■ **Activity**:
Start at the top of the records and, please, print each line exactly through the line that contains "Culiacán, Sinaloa. A", leaving out all pictures.

[Dataset entries]
◇ ◇ ◇ ◇ ◇ ◇ ◇

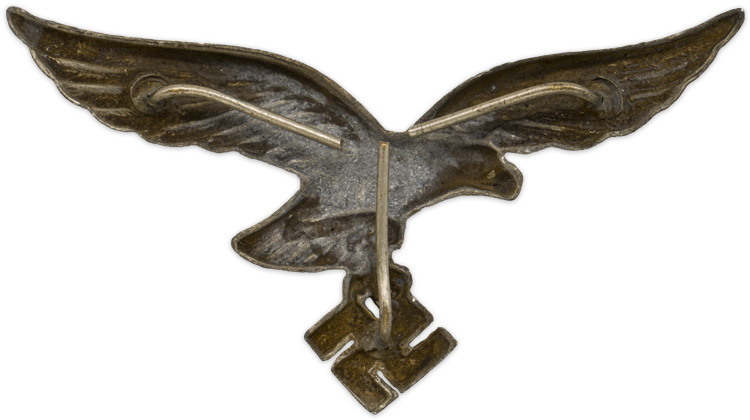 PHYSICAL DESCRIPTION: Silver washed, stamped alloy construction, second pattern, (Circa 1936/1937 1945), Luftwaffe eagle clutching a canted, swastika in one talon has a roughly, 68mm wingspan from wing tip to wing tip. All three original attachment prongs complete. Scarce.
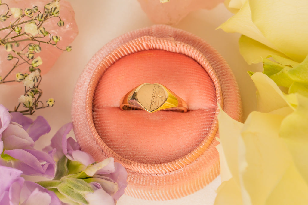 How divine is this 9ct Gold engraved heart signet ring! Enchanting floral engravings adorn the perfect dainty heart enhancing her feminine charm.
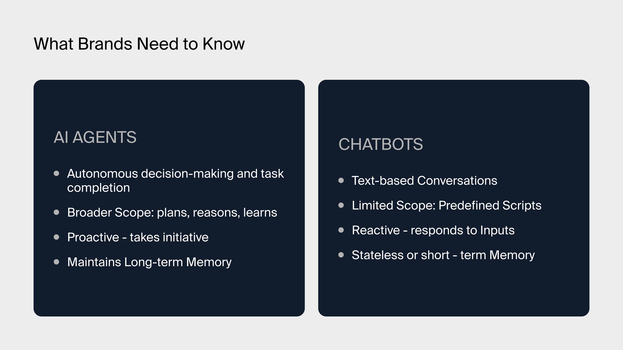AI agents are not a single category. They can be designed with different approaches depending on the role they are meant to play in commerce. Understanding these distinctions helps brands anticipate how agents may influence the customer journey.
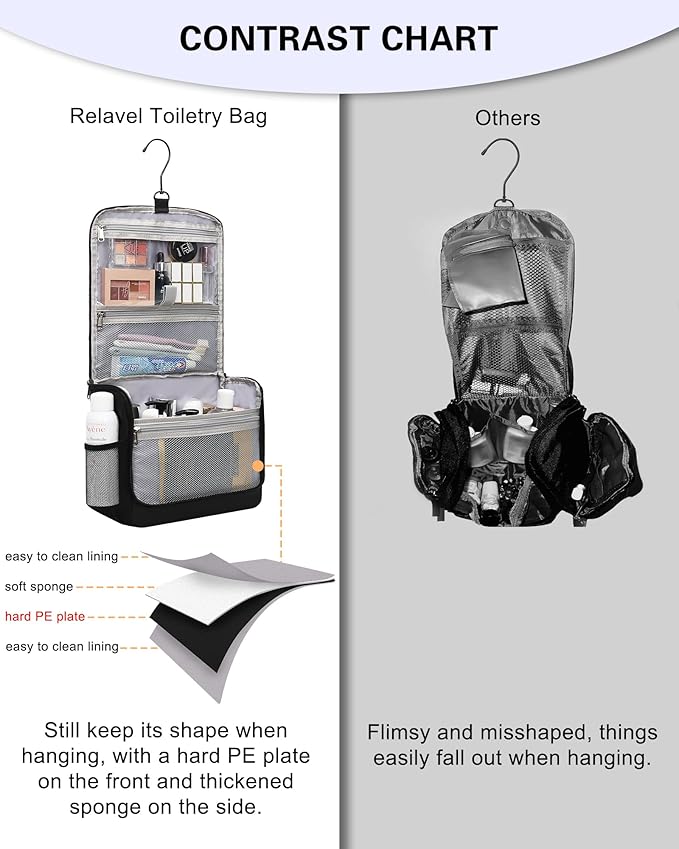 - Unique Design: Relavel toiletry bag has a unique design with a hard PE plate of the main compartment, keeps its shape when hanging, does not worry about dropping things, easy access to the items. More convenient and practical than the same type of toiletry bag on the market. Fully open design that gives you a comprehensive glimpse of your stuff.
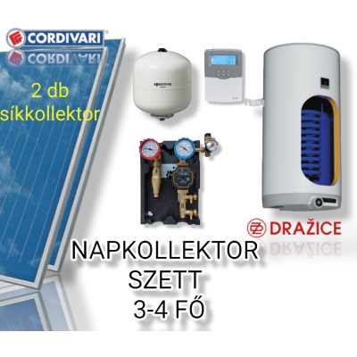 3-4 fő részére Cordivari síkkollektoros szett: 2 síkkollektor + 160 literes 1 hőcserélős bojler + ECO szivattyú állomás + vezérlés + tágulási tartály
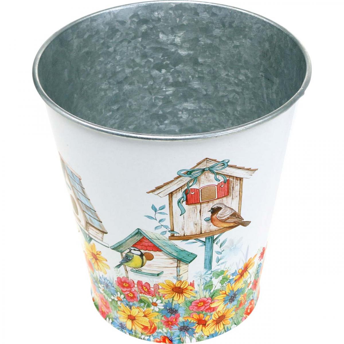 Vaso in latta con casette per uccelli, decorazione estiva, fioriera H14,5 cm Ø13,5 cm
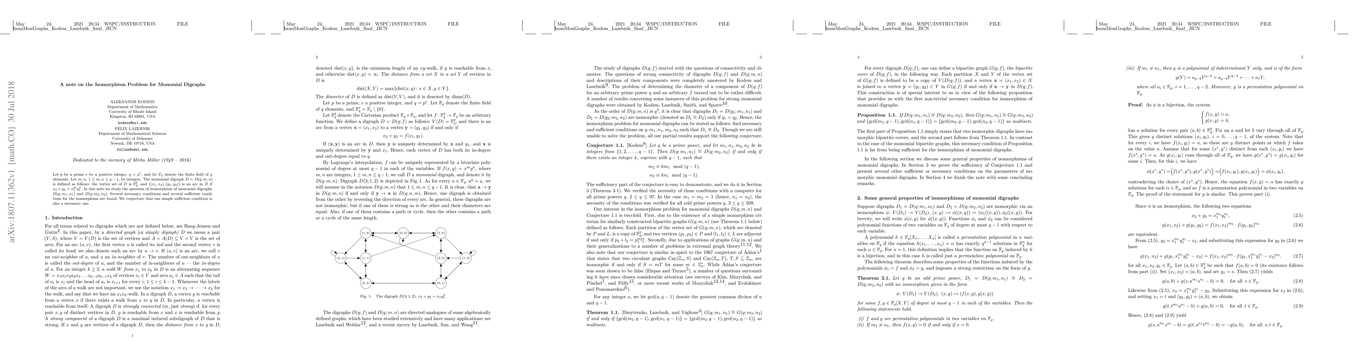 This paper investigates the isomorphism problem for monomial digraphs defined over finite fields, identifying necessary and sufficient conditions for their isomorphism. The authors conjecture that a simple sufficient condition may also be necessary for the isomorphism of these digraphs.
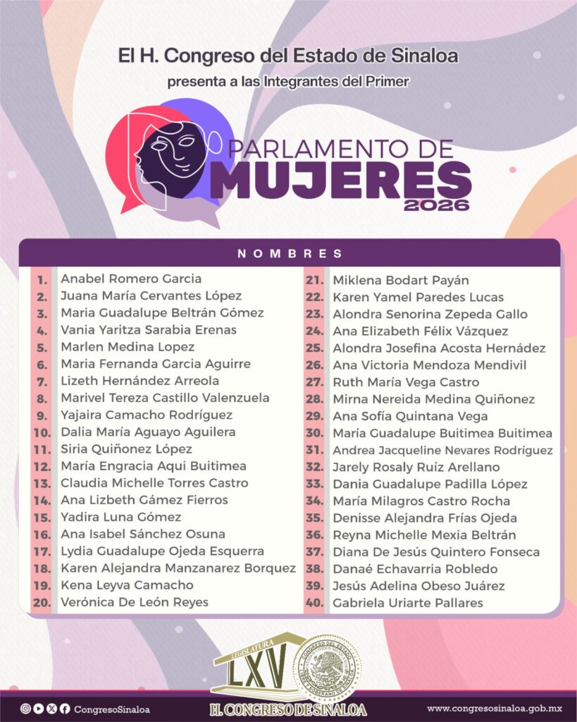 Culiacán, Sinaloa. A 20 de marzo de 2026.-La Junta de Coordinación Política (JUCOPO) y la Comisión de Igualdad, Género, Diversidad Sexual e Inclusión, del Congreso del Estado de Sinaloa, integradas en Jurado del Parlamento de Mujeres, eligieron por unanimidad, este viernes 20 de marzo, a las 40 mujeres que durante dos días (26 y 27 de marzo) formarán parte del primer Parlamento de Mujeres.
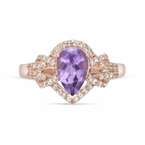 Средние характеристики: аметист фиолетовый, размер: 9x6 мм, огранка Груша; топаз белый, размер: 1 мм, огранка Круг
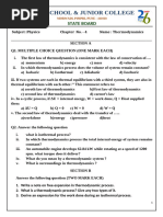 12) A cylinder containing one gram molecule of the gas was compressed adiabatically until its
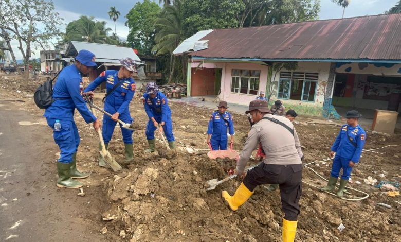 Pantauan di lokasi, para personel Brimob dikerahkan membersihkan lumpur, sampah, dan sisa material banjir di area sekitar rumah warga dan sepanjang jalan. Kegiatan ini dilakukan sebagai upaya untuk memperbaiki akses sarana dan prasarana, agar warga dapat kembali beraktivitas normal.
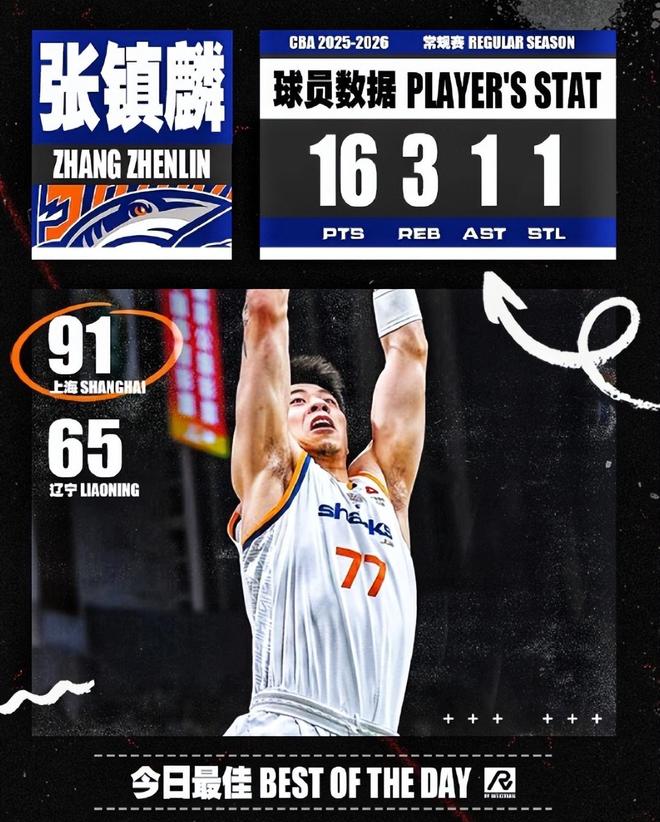 加盟上海后张镇麟的表现一直都不温不火,但此役面对老东家先发31分钟,10中5,三分4中1,罚球5中5,拿到16分3篮板1助攻1抢断,命中率50%,他拿到本赛季单场第二高分。
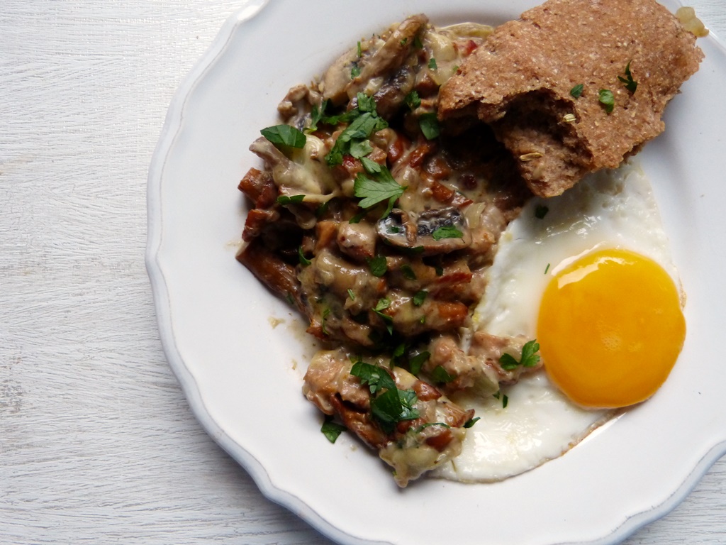 Das Gericht heißt „Champignons auf Savoyer Art“, was etwas verwirrend ist, denn das Original-Rezept verwendet Morcheln. Ich habe auf eine Mischung von Champignons und Pfifferlingen zurückgegriffen. Die Pilze werden mit Zwiebeln gebraten, dazu gesellen sich Schmand und ordentlich Käse. Und serviert wird das Ganze mit einem Spiegelei. Gut und herzhaft.
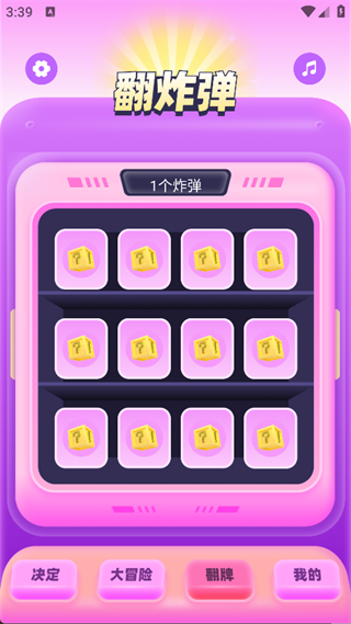 4. 点击“翻牌”按钮后,就能看到“翻炸弹”游戏,该游戏支持随机选择。
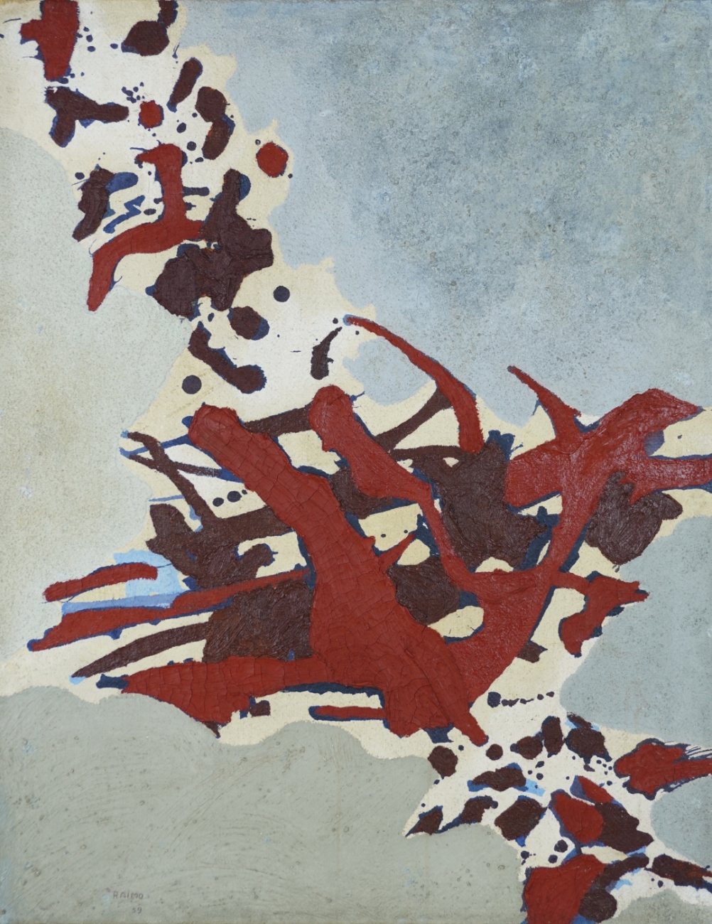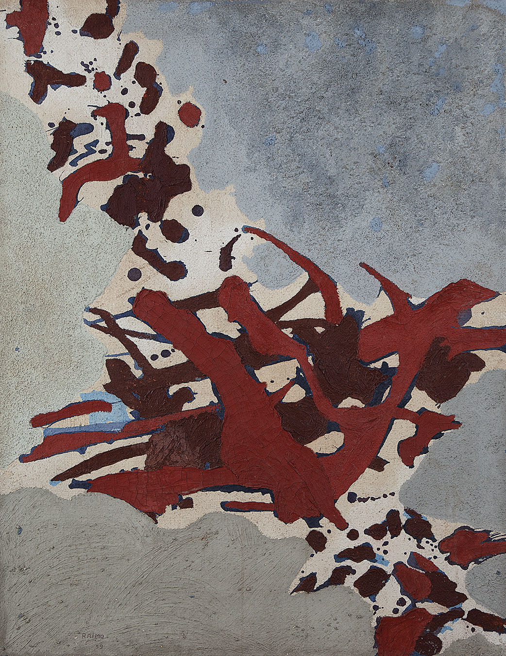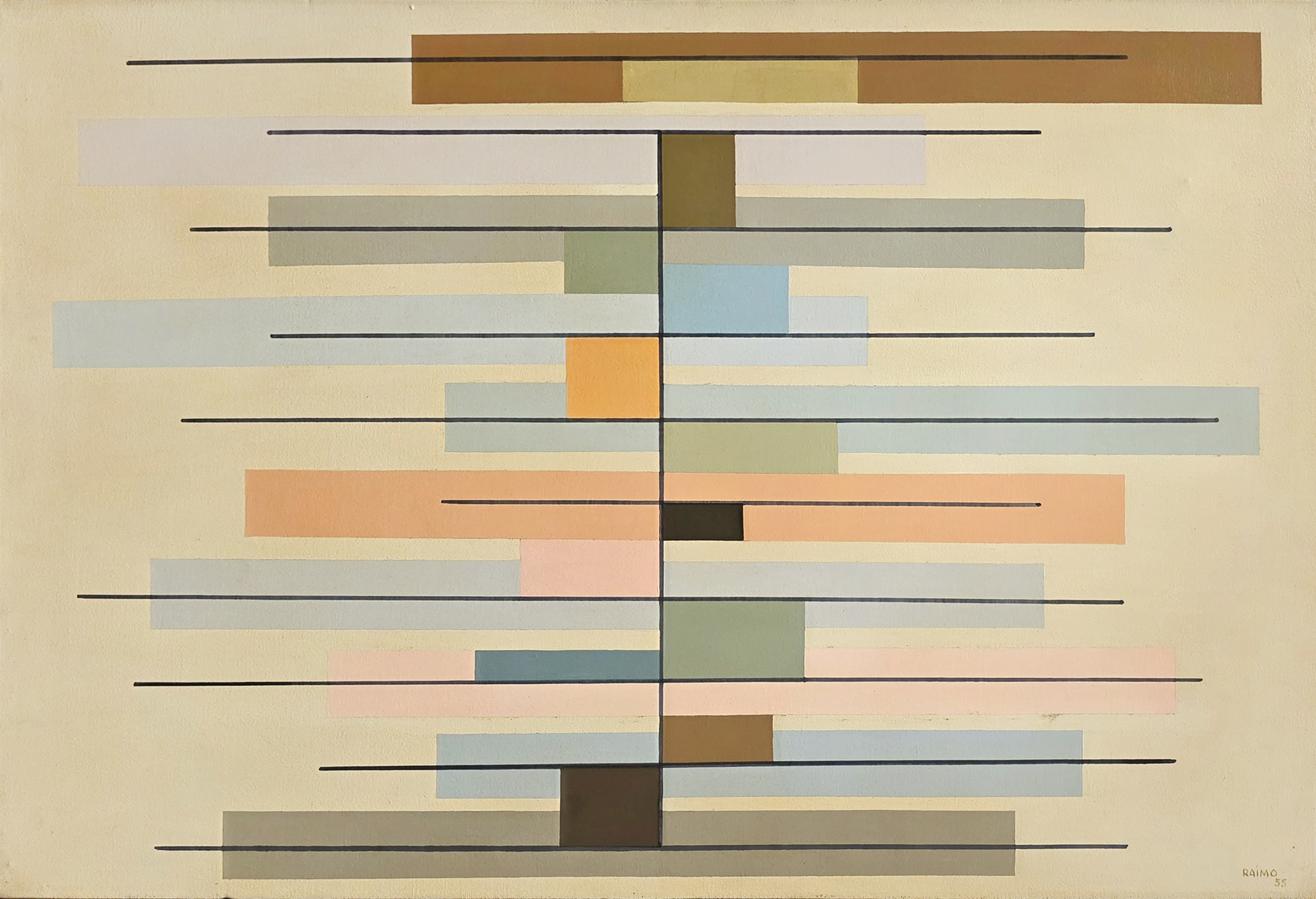 Leopoldo Francisco Raimo (Botucatu, SP, 1912 - São Paulo, SP, 2001). Pintor, gravador e médico. Muda-se com a família para a capital paulista em 1918. Durante o curso no Ginásio do Estado (de 1924 a 1930), Raimo tem aulas com o pintor acadêmico Oscar Pereira da Silva (1867-1939). Em 1931, estuda durante um semestre na Escola Paulista de Belas Artes. Escolhe a medicina como profissão, frequentando entre 1932 e 1937 a Faculdade de Medicina da Universidade de São Paulo (FMUSP) e atuando como médico desde então. Entre 1951 e 1958, participa do Atelier Abstração, onde estuda com o artista romeno Samson Flexor (1907-1971), membro da Escola de Paris, que fixara residência com a família em São Paulo em 1948. Em 1956, integra a diretoria artística do Museu de Arte Moderna de São Paulo (MAM/SP), tomando parte na elaboração do regulamento da 4ª Bienal Internacional de São Paulo. Em 1959, estuda gravura na Escola de Artesanato do MAM/SP, sendo então orientado por Lívio Abramo (1903-1992).

◇ ◇ ◇ ◇ ◇ ◇ ◇

■ **Task result**:
 PHYSICAL DESCRIPTION: Silver washed, stamped alloy construction, second pattern, (Circa 1936/1937 1945), Luftwaffe eagle clutching a canted, swastika in one talon has a roughly, 68mm wingspan from wing tip to wing tip. All three original attachment prongs complete. Scarce.
 How divine is this 9ct Gold engraved heart signet ring! Enchanting floral engravings adorn the perfect dainty heart enhancing her feminine charm.
AI agents are not a single category. They can be designed with different approaches depending on the role they are meant to play in commerce. Understanding these distinctions helps brands anticipate how agents may influence the customer journey.
 - Unique Design: Relavel toiletry bag has a unique design with a hard PE plate of the main compartment, keeps its shape when hanging, does not worry about dropping things, easy access to the items. More convenient and practical than the same type of toiletry bag on the market. Fully open design that gives you a comprehensive glimpse of your stuff.
 3-4 fő részére Cordivari síkkollektoros szett: 2 síkkollektor + 160 literes 1 hőcserélős bojler + ECO szivattyú állomás + vezérlés + tágulási tartály
 Vaso in latta con casette per uccelli, decorazione estiva, fioriera H14,5 cm Ø13,5 cm
 This paper investigates the isomorphism problem for monomial digraphs defined over finite fields, identifying necessary and sufficient conditions for their isomorphism. The authors conjecture that a simple sufficient condition may also be necessary for the isomorphism of these digraphs.
 Culiacán, Sinaloa. A 20 de marzo de 2026.-La Junta de Coordinación Política (JUCOPO) y la Comisión de Igualdad, Género, Diversidad Sexual e Inclusión, del Congreso del Estado de Sinaloa, integradas en Jurado del Parlamento de Mujeres, eligieron por unanimidad, este viernes 20 de marzo, a las 40 mujeres que durante dos días (26 y 27 de marzo) formarán parte del primer Parlamento de Mujeres.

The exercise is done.